*** Begin section ***

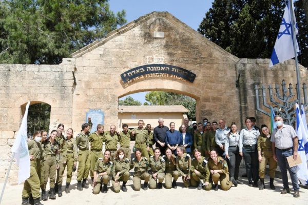 הנשיא הרצוג ושר הביטחון גנץ בצילום קבוצתי עם החיילים בחוות השומר של חיל החינוך
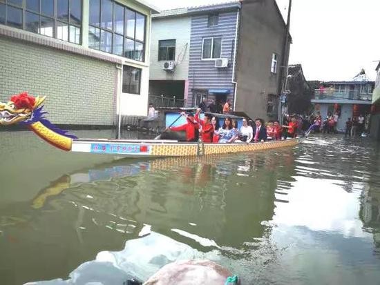 “一场台风,龙舟里全是水,前前后后做准备工作就花了三四个小时。9:50分左右,新郎来接人了,刚好赶上,没耽误。”
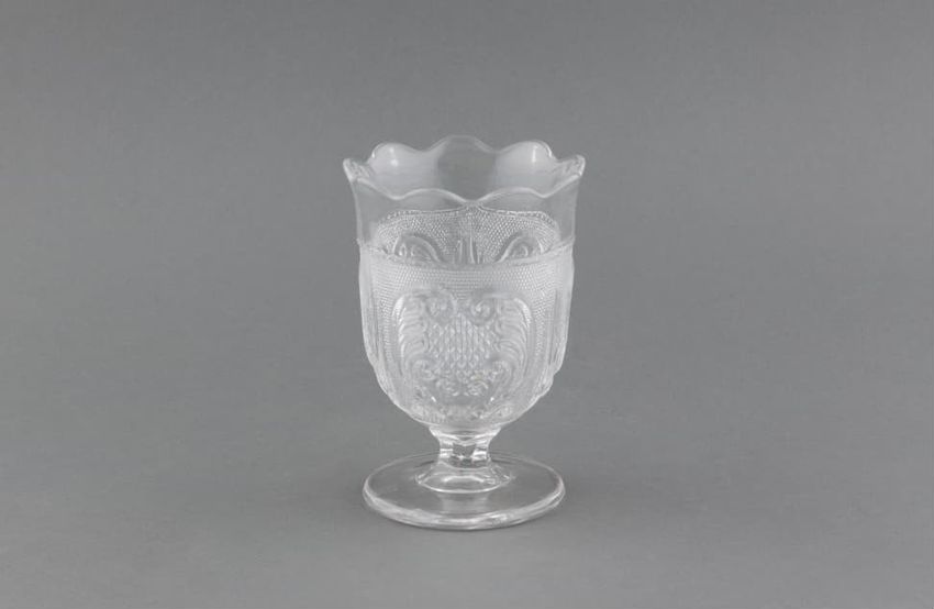 Glass spoon holder with a scalloped edge. Scroll and diamond pattern design alternating with a set of miter cuts.
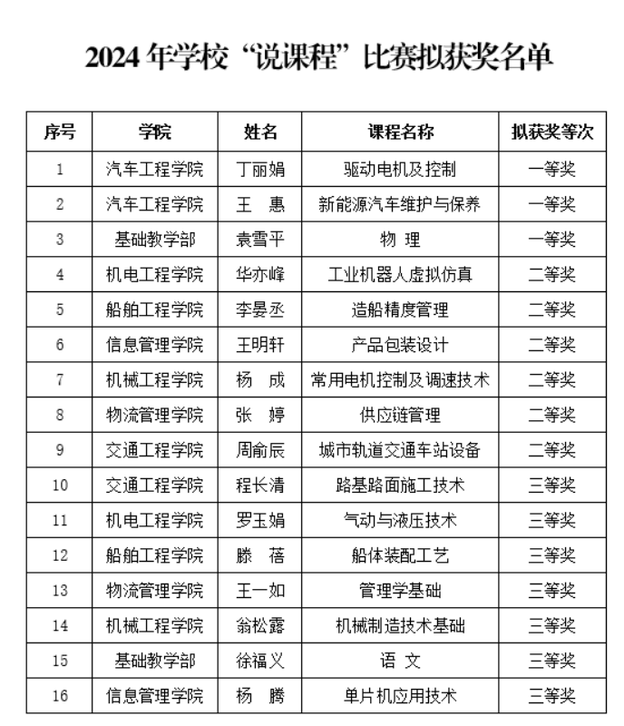 附件:2024年开云手机客户端“说课程”比赛拟获奖名单

*** End section ***

**REQUIRED WORK:**
Give back the data exactly. Skip any images.

**YOUR RESPONSE:**
 הנשיא הרצוג ושר הביטחון גנץ בצילום קבוצתי עם החיילים בחוות השומר של חיל החינוך
 “一场台风,龙舟里全是水,前前后后做准备工作就花了三四个小时。9:50分左右,新郎来接人了,刚好赶上,没耽误。”
 Glass spoon holder with a scalloped edge. Scroll and diamond pattern design alternating with a set of miter cuts.
 附件:2024年开云手机客户端“说课程”比赛拟获奖名单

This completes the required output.